- Opening Delimiter -

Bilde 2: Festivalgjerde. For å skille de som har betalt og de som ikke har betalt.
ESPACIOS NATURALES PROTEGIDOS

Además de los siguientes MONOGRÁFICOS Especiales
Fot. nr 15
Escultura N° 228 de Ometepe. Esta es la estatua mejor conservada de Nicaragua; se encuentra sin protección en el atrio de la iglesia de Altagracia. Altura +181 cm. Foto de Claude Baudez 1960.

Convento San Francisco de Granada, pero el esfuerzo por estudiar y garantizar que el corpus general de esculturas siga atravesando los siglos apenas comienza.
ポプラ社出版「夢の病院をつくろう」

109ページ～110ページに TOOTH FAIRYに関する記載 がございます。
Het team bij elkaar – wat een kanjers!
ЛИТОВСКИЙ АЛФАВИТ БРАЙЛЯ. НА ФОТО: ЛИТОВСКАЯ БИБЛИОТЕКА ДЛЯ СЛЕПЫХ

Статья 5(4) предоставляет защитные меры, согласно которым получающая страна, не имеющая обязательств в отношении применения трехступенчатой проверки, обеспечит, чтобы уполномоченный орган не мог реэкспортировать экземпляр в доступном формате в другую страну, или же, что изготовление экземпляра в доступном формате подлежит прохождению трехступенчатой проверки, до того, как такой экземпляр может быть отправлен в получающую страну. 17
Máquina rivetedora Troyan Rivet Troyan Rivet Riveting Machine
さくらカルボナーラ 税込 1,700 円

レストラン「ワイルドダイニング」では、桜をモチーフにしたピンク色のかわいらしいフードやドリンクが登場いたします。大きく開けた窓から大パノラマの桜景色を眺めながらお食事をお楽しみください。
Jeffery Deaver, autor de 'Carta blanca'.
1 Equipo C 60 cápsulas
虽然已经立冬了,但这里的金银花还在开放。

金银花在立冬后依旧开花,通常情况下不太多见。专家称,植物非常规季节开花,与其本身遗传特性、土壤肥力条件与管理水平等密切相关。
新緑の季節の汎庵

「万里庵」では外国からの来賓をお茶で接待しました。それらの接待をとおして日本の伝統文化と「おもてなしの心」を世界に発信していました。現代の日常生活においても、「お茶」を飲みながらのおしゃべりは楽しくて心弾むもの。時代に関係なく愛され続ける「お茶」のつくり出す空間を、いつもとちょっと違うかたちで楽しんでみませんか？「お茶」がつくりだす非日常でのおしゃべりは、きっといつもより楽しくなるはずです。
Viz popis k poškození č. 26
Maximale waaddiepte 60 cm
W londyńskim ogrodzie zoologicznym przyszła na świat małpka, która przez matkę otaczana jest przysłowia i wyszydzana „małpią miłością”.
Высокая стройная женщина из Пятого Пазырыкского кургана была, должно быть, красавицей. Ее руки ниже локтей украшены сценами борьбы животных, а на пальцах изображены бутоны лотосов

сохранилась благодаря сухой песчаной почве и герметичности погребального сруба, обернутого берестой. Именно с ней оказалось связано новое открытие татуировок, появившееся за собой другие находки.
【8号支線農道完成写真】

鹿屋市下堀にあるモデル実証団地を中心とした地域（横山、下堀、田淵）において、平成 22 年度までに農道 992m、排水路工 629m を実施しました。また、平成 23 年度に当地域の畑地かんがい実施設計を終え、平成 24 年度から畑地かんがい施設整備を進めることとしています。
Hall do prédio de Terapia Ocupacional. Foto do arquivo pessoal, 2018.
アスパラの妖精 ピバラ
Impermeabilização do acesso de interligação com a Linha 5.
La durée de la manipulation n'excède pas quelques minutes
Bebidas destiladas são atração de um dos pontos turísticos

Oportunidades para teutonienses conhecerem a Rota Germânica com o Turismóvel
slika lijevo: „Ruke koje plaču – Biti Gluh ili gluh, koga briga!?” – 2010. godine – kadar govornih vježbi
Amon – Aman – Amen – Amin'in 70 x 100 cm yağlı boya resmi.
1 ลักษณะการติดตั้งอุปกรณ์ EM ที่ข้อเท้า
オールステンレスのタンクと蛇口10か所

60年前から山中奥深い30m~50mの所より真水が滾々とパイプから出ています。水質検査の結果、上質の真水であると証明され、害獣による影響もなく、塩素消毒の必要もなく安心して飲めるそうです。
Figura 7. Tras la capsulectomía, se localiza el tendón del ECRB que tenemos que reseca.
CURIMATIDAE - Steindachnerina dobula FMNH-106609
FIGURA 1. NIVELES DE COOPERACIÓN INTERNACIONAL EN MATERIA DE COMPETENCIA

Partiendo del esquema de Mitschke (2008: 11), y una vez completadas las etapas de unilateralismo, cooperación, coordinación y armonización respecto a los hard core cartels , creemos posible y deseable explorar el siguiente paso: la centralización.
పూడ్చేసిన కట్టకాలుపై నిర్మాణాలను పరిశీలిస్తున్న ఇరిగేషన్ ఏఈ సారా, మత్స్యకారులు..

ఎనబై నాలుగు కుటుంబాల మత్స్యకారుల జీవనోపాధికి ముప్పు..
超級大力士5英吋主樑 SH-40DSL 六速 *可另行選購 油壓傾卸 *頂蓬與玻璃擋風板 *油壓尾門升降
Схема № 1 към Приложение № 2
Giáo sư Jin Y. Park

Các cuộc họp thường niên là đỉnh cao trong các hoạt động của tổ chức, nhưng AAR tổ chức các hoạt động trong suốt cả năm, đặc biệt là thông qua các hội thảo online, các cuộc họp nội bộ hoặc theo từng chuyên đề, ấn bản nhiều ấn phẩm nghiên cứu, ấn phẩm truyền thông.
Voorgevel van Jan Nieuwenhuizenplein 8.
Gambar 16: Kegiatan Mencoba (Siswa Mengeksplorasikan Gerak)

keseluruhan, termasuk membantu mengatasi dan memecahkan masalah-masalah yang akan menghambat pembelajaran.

- Closing Delimiter -

**Required action**
Repeat each entry exactly.

**Answer to the problem**
Bilde 2: Festivalgjerde. For å skille de som har betalt og de som ikke har betalt.
ESPACIOS NATURALES PROTEGIDOS

Además de los siguientes MONOGRÁFICOS Especiales
Fot. nr 15
Escultura N° 228 de Ometepe. Esta es la estatua mejor conservada de Nicaragua; se encuentra sin protección en el atrio de la iglesia de Altagracia. Altura +181 cm. Foto de Claude Baudez 1960.

Convento San Francisco de Granada, pero el esfuerzo por estudiar y garantizar que el corpus general de esculturas siga atravesando los siglos apenas comienza.
ポプラ社出版「夢の病院をつくろう」

109ページ～110ページに TOOTH FAIRYに関する記載 がございます。
Het team bij elkaar – wat een kanjers!
ЛИТОВСКИЙ АЛФАВИТ БРАЙЛЯ. НА ФОТО: ЛИТОВСКАЯ БИБЛИОТЕКА ДЛЯ СЛЕПЫХ

Статья 5(4) предоставляет защитные меры, согласно которым получающая страна, не имеющая обязательств в отношении применения трехступенчатой проверки, обеспечит, чтобы уполномоченный орган не мог реэкспортировать экземпляр в доступном формате в другую страну, или же, что изготовление экземпляра в доступном формате подлежит прохождению трехступенчатой проверки, до того, как такой экземпляр может быть отправлен в получающую страну. 17
Máquina rivetedora Troyan Rivet Troyan Rivet Riveting Machine
さくらカルボナーラ 税込 1,700 円

レストラン「ワイルドダイニング」では、桜をモチーフにしたピンク色のかわいらしいフードやドリンクが登場いたします。大きく開けた窓から大パノラマの桜景色を眺めながらお食事をお楽しみください。
Jeffery Deaver, autor de 'Carta blanca'.
1 Equipo C 60 cápsulas
虽然已经立冬了,但这里的金银花还在开放。

金银花在立冬后依旧开花,通常情况下不太多见。专家称,植物非常规季节开花,与其本身遗传特性、土壤肥力条件与管理水平等密切相关。
新緑の季節の汎庵

「万里庵」では外国からの来賓をお茶で接待しました。それらの接待をとおして日本の伝統文化と「おもてなしの心」を世界に発信していました。現代の日常生活においても、「お茶」を飲みながらのおしゃべりは楽しくて心弾むもの。時代に関係なく愛され続ける「お茶」のつくり出す空間を、いつもとちょっと違うかたちで楽しんでみませんか？「お茶」がつくりだす非日常でのおしゃべりは、きっといつもより楽しくなるはずです。
Viz popis k poškození č. 26
Maximale waaddiepte 60 cm
W londyńskim ogrodzie zoologicznym przyszła na świat małpka, która przez matkę otaczana jest przysłowia i wyszydzana „małpią miłością”.
Высокая стройная женщина из Пятого Пазырыкского кургана была, должно быть, красавицей. Ее руки ниже локтей украшены сценами борьбы животных, а на пальцах изображены бутоны лотосов

сохранилась благодаря сухой песчаной почве и герметичности погребального сруба, обернутого берестой. Именно с ней оказалось связано новое открытие татуировок, появившееся за собой другие находки.
【8号支線農道完成写真】

鹿屋市下堀にあるモデル実証団地を中心とした地域（横山、下堀、田淵）において、平成 22 年度までに農道 992m、排水路工 629m を実施しました。また、平成 23 年度に当地域の畑地かんがい実施設計を終え、平成 24 年度から畑地かんがい施設整備を進めることとしています。
Hall do prédio de Terapia Ocupacional. Foto do arquivo pessoal, 2018.
アスパラの妖精 ピバラ
Impermeabilização do acesso de interligação com a Linha 5.
La durée de la manipulation n'excède pas quelques minutes
Bebidas destiladas são atração de um dos pontos turísticos

Oportunidades para teutonienses conhecerem a Rota Germânica com o Turismóvel
slika lijevo: „Ruke koje plaču – Biti Gluh ili gluh, koga briga!?” – 2010. godine – kadar govornih vježbi
Amon – Aman – Amen – Amin'in 70 x 100 cm yağlı boya resmi.
1 ลักษณะการติดตั้งอุปกรณ์ EM ที่ข้อเท้า
オールステンレスのタンクと蛇口10か所

60年前から山中奥深い30m~50mの所より真水が滾々とパイプから出ています。水質検査の結果、上質の真水であると証明され、害獣による影響もなく、塩素消毒の必要もなく安心して飲めるそうです。
Figura 7. Tras la capsulectomía, se localiza el tendón del ECRB que tenemos que reseca.
CURIMATIDAE - Steindachnerina dobula FMNH-106609
FIGURA 1. NIVELES DE COOPERACIÓN INTERNACIONAL EN MATERIA DE COMPETENCIA

Partiendo del esquema de Mitschke (2008: 11), y una vez completadas las etapas de unilateralismo, cooperación, coordinación y armonización respecto a los hard core cartels , creemos posible y deseable explorar el siguiente paso: la centralización.
పూడ్చేసిన కట్టకాలుపై నిర్మాణాలను పరిశీలిస్తున్న ఇరిగేషన్ ఏఈ సారా, మత్స్యకారులు..

ఎనబై నాలుగు కుటుంబాల మత్స్యకారుల జీవనోపాధికి ముప్పు..
超級大力士5英吋主樑 SH-40DSL 六速 *可另行選購 油壓傾卸 *頂蓬與玻璃擋風板 *油壓尾門升降
Схема № 1 към Приложение № 2
Giáo sư Jin Y. Park

Các cuộc họp thường niên là đỉnh cao trong các hoạt động của tổ chức, nhưng AAR tổ chức các hoạt động trong suốt cả năm, đặc biệt là thông qua các hội thảo online, các cuộc họp nội bộ hoặc theo từng chuyên đề, ấn bản nhiều ấn phẩm nghiên cứu, ấn phẩm truyền thông.
Voorgevel van Jan Nieuwenhuizenplein 8.
Gambar 16: Kegiatan Mencoba (Siswa Mengeksplorasikan Gerak)

keseluruhan, termasuk membantu mengatasi dan memecahkan masalah-masalah yang akan menghambat pembelajaran.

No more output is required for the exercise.